_Stored data_:

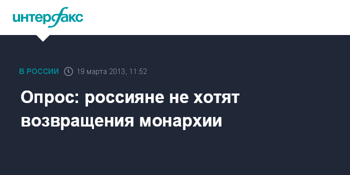 Москва. 19 марта. INTERFAX.RU - Более четверти россиян не против того, чтобы в нашей стране возродилась монархия, но назвать человека, который мог бы стать царем, они пока не могут, показал опрос.
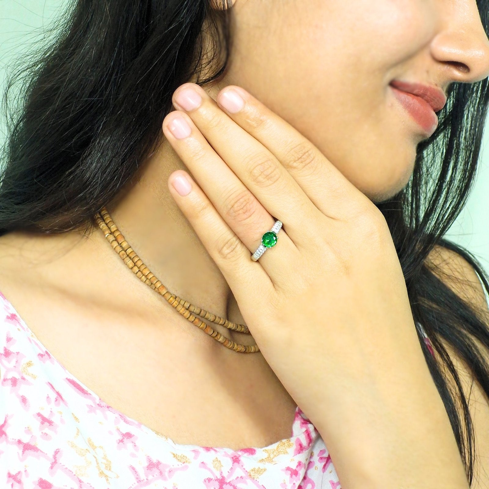 Wear the Radiant Emerald Silver Ring with elegant attire for special occasions, or pair it with casual outfits to elevate your everyday style.
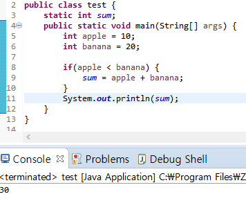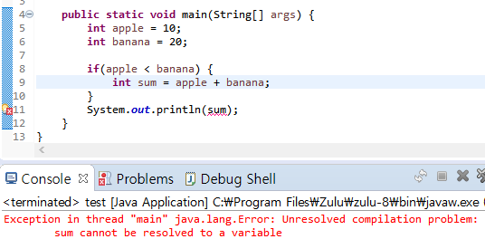- 아래와 같이 변수가 if문의 중괄호 내부에서 선언이 되었다면, 그 밖에서는 사용할 수가 없다. 만약 해당 중괄호 밖에서 접근 시 "cannot be resolved to a variable"이라는 에러가 발생한다.

_Prompt_:
Restate the lines above exactly, from the one bearing "Wear the Radiant" through the final line of the material, both included, omitting pictures.

_Response to the task_:
 Wear the Radiant Emerald Silver Ring with elegant attire for special occasions, or pair it with casual outfits to elevate your everyday style.
- 아래와 같이 변수가 if문의 중괄호 내부에서 선언이 되었다면, 그 밖에서는 사용할 수가 없다. 만약 해당 중괄호 밖에서 접근 시 "cannot be resolved to a variable"이라는 에러가 발생한다.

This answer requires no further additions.